Note that we are not at all restricted to comparing PC1 and PC2. We can look at any of the 11 PCs that we want. Below compares PC1 with PC3.
par(mar = c(5, 5, 1, 1));
plot(x = pca_dat$x[,1], y = pca_dat$x[,3], asp = 1, cex.lab = 1.25,
cex.axis = 1.25, xlab = "PC1", ylab = "PC3");
Note that the points are in the same locations on the x-axis (PC1) as before, but not the y-axis (now PC3). We have just rotated 90 degrees in our 11-dimensional space and are therefore looking at our cloud of data from a different angle.
Recall that we had two groups in these data; two species of the genus Heterandrium. Now that we have plotted the position of all wasp measurements, we can also fill in the PCA with colours representing each species. This allows us to visualise how individuals in different groups are separated in our data.
par(mar = c(5, 5, 1, 1));
plot(x = pca_dat$x[,1], y = pca_dat$x[,2], asp = 1, cex.lab = 1.25,
cex.axis = 1.25, xlab = "PC1", ylab = "PC2");
h1_rw <- which(het[,1] == "Het1"); # Recall the original data set
h2_rw <- which(het[,1] == "Het2"); # Recall the original data set
points(x = pca_dat$x[h1_rw,1], y = pca_dat$x[h1_rw,2], pch = 20, col = "red");
points(x = pca_dat$x[h2_rw,1], y = pca_dat$x[h2_rw,2], pch = 20, col = "blue");
legend("topleft", fill = c("red", "blue"), cex = 1.5,
legend = c( expression(paste(italic("Heterandrium "), 1)),
expression(paste(italic("Heterandrium "), 2))));
From the groups overlaid onto the PCA, it is clear that these two species of Heterandrium differ in their morphological measurements. Often groups are not so clearly distinguished (i.e., data are usually more messy), and it is important to again remember that the PCA is not actually testing any statistical hypothesis. It is just plotting the data. If we wanted to test whether or not the difference between species measurements was statistically significant, then we would need to use some sort of appropriate multivariate test, such as a MANOVA (that is, a linear model with multiple continuous dependent variables and a single categorical independent variable), or an appropriate randomisation approach.
We can look at the amount of variation explained by each PC by examining
pca_dat$sdev
, which reports the standard deviations of the principal
components.
pca_variance <- (pca_dat$sdev) * (pca_dat$sdev); # Get variance
print(pca_variance);
## [1] 6.37433235 1.90469347 1.11407673 0.53698949 0.34240864 0.25024647
## [7] 0.16218711 0.11913928 0.11349942 0.05875972 0.02366733
To make it more easy to interpret the variances along each PC, we can
use a screeplot.
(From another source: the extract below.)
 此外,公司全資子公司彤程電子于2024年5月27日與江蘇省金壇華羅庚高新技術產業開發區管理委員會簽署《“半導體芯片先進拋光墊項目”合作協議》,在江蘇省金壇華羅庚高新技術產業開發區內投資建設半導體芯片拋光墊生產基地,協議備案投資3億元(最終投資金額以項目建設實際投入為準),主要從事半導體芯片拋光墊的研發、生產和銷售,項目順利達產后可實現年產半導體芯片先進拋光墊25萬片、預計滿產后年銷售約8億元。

There is a
function for this in base R, which takes the direct output of the
prcomp
function.
screeplot(pca_dat, npcs = 11, main = "", type = "lines", cex.lab = 1.5);
The screeplot above provides a useful indication of how much variation explained decreases per PC (or how much variation is explained by the first n axes). To make things even easier to visualise, it might help to present the above in terms of per cent of the variance explained on each axis.
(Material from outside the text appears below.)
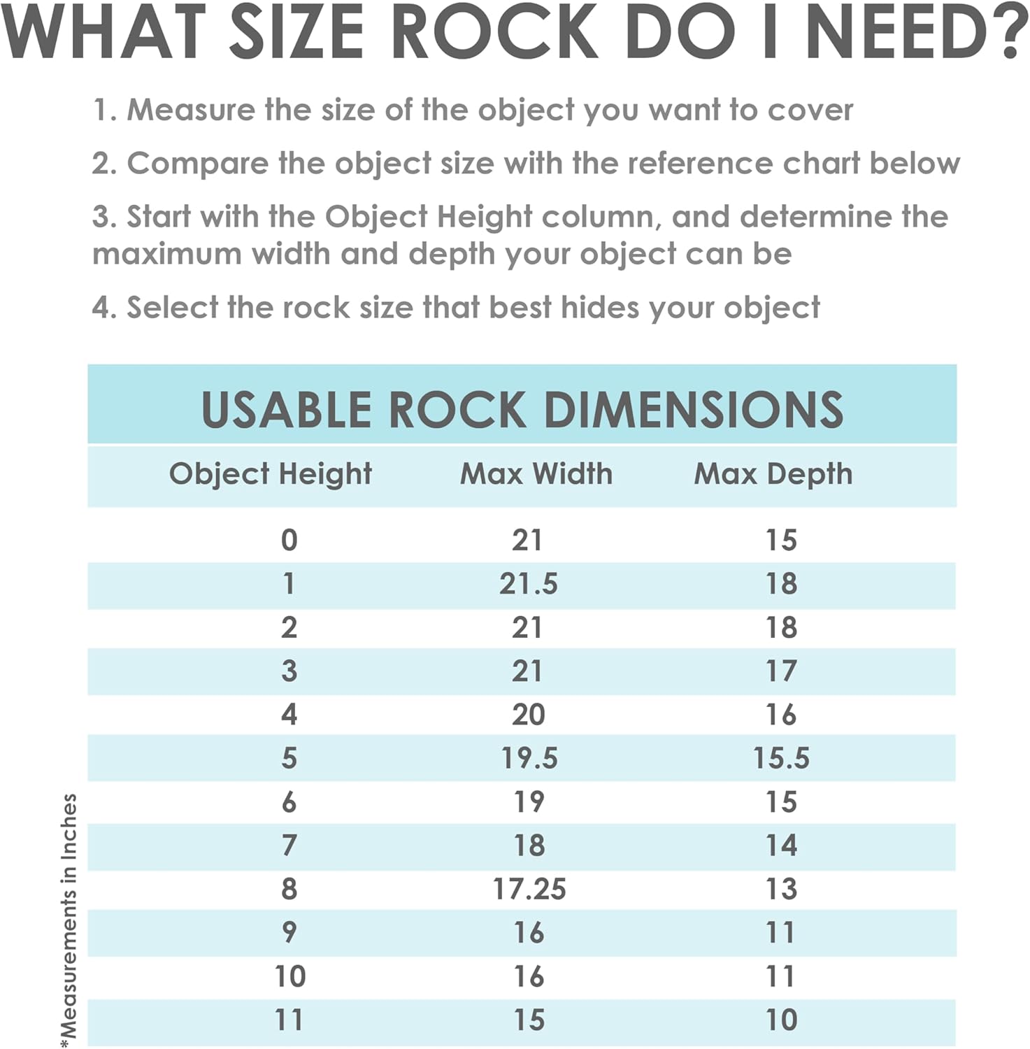 • COVERS WELLS, SEPTIC TANKS, AND MORE: Use this artificial landscape rock to cover unsightly objects in the yard or hide a spare key discreetly. The artificial boulder measures 22.75" W x 19.5" D x 14" H and weighs 2.6 lbs. The stakes included with the rock measure 1" W x 12" H each.

pca_pr_explained <- pca_variance / sum(pca_variance);
print(pca_pr_explained);
## [1] 0.579484759 0.173153952 0.101279703 0.048817227 0.031128058 0.022749679
## [7] 0.014744282 0.010830844 0.010318129 0.005341792 0.002151575
Note that all of the values above sum to 1. It appears that about 75.26 per cent of the total variation is explained by PC1 and PC2, so we are looking at a lot of variation in the PCA showed above. We can plot the proportion of the variation explained by each PC in a bar plot.
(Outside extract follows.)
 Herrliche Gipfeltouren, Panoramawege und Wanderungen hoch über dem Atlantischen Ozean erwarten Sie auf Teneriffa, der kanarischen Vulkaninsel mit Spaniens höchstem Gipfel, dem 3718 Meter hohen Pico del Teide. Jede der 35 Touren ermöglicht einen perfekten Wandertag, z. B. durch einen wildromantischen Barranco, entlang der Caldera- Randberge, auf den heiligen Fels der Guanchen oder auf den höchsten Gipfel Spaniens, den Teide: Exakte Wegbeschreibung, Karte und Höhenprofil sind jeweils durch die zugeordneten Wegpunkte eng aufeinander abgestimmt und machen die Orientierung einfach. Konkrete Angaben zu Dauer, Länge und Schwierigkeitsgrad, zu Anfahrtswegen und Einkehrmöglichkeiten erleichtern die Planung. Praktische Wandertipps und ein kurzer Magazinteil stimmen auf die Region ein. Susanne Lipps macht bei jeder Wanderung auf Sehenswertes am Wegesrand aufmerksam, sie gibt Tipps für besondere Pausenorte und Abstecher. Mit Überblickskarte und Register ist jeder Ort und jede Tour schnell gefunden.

pc_names <- paste("PC", 1:length(pca_pr_explained), sep = "");
barplot(height = pca_pr_explained * 100, names = pc_names, cex.names = 0.8,
ylab = "Per cent of total variation explained", cex.lab = 1.25);
Notice that the general pattern of the barplot above is the same as the screeplot.
We can also look at a biplot (i.e., a loading plot). The biplot below
shows the first two principal components (data points are now numbers 1
to 32, indicating the sample or row number of the fig wasp from the
original scaled data set, dat
), but also the direction of each of our
original variables (morphological measurements) in relation to these
principal components.
biplot(pca_dat, cex = 0.8, asp = 1);
The direction of the red arrows shows the relationships among the 11 different variables. Intuitively, variables with arrows pointing in similar directions are positively correlated, while those pointing in opposite directions are negatively correlated (more technically, the cosine of the angle between arrows, in radians, actually equals the correlation between them; e.g., cos(0) = 1 and cos(π) = -1; recall that π radians equals 180 degrees). In the above example, wasp head width and thorax width are highly correlated because the two arrows are pointing in very similar directions. In contrast, ovipositor length and ovipositor width appear to be pointing in very different directions on PC1 and PC2, suggesting that the two variables are negatively correlated.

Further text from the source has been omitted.